## What the task asks:
All of the data that follows should be given again exactly, without its images.

## Data excerpt:

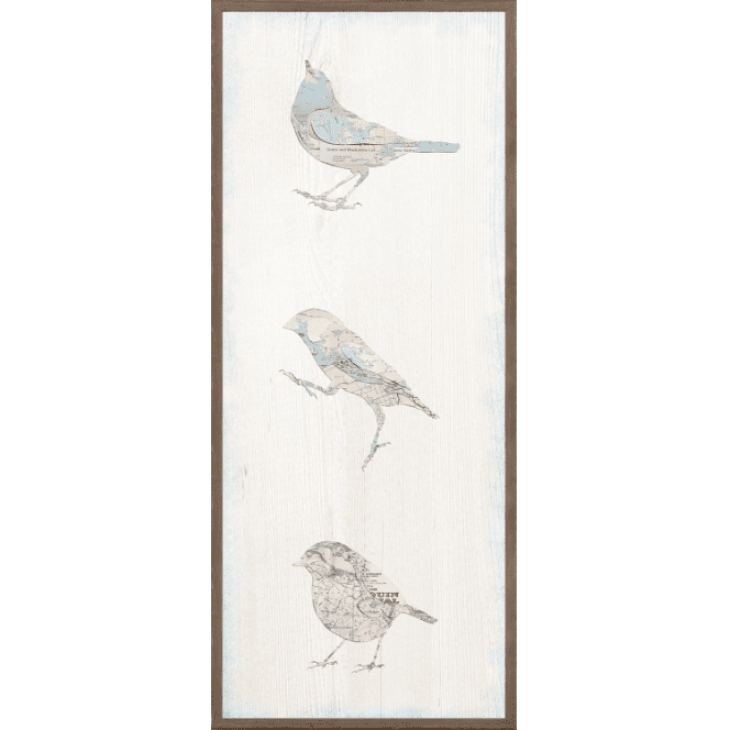 A trio of delightful bird profiles made from vintage Muskoka and Ontario maps set on a wooden board ground. Set in a weathered gray wood, contemporary frame.
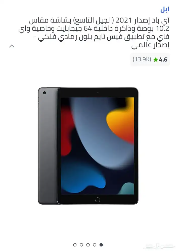 آي باد إصدار 2021 (الجيل التاسع) بشاشة مقاس 10.2 بوصة وذاكرة داخلية 64 جيجابايت وخاصية واي فاي مع تطبيق فيس تايم بلون رمادي فلكي - إصدار عالمي مستعمل شريته ب 1230 مع كرتونه على السوم حدي 900
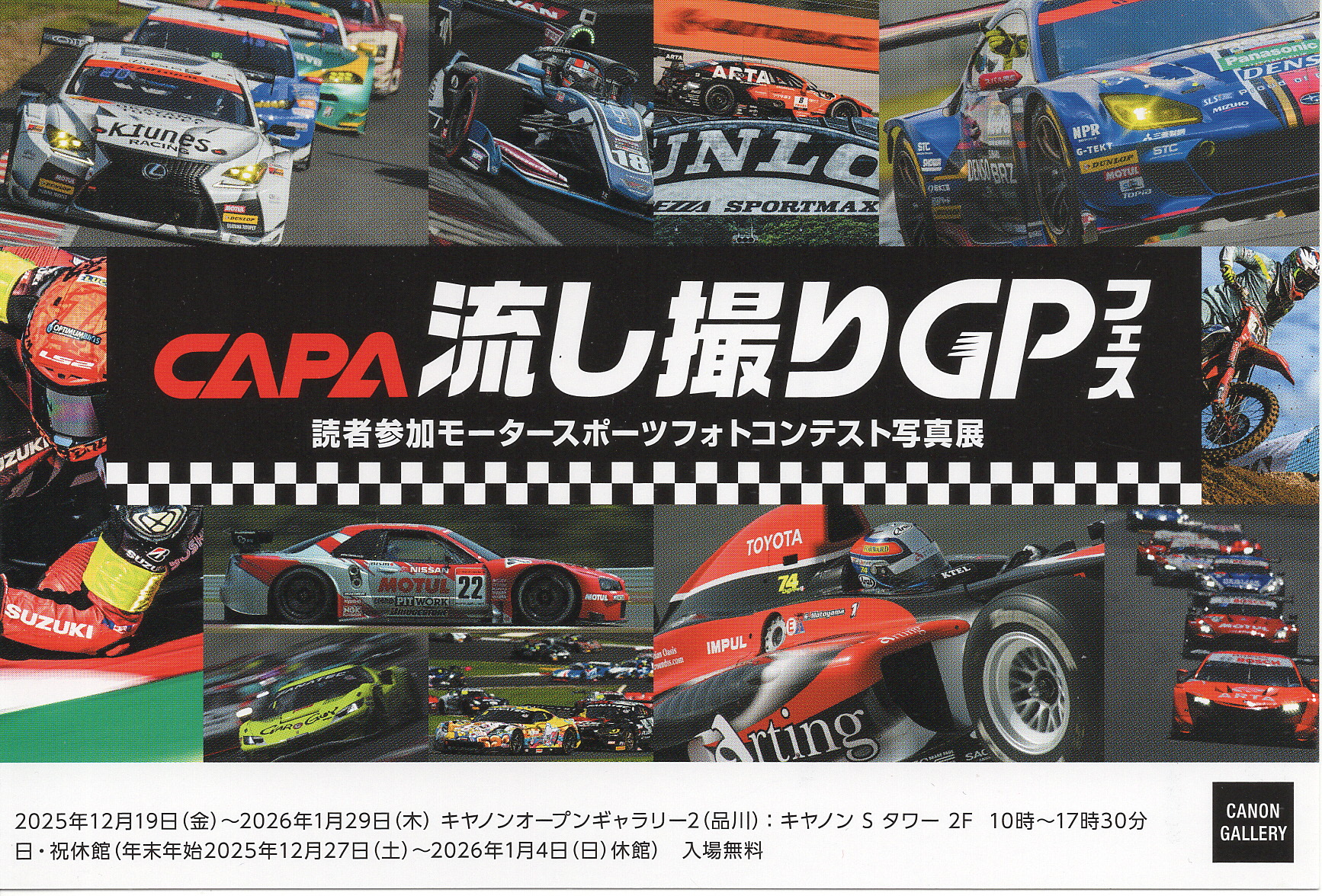 隣接会場では、アマチュアのカーレース写真愛好家の方々の間でのフォトコン上位作品展。会期は↑とかなり重なっています。

## Answer:
 A trio of delightful bird profiles made from vintage Muskoka and Ontario maps set on a wooden board ground. Set in a weathered gray wood, contemporary frame.
 آي باد إصدار 2021 (الجيل التاسع) بشاشة مقاس 10.2 بوصة وذاكرة داخلية 64 جيجابايت وخاصية واي فاي مع تطبيق فيس تايم بلون رمادي فلكي - إصدار عالمي مستعمل شريته ب 1230 مع كرتونه على السوم حدي 900
 隣接会場では、アマチュアのカーレース写真愛好家の方々の間でのフォトコン上位作品展。会期は↑とかなり重なっています。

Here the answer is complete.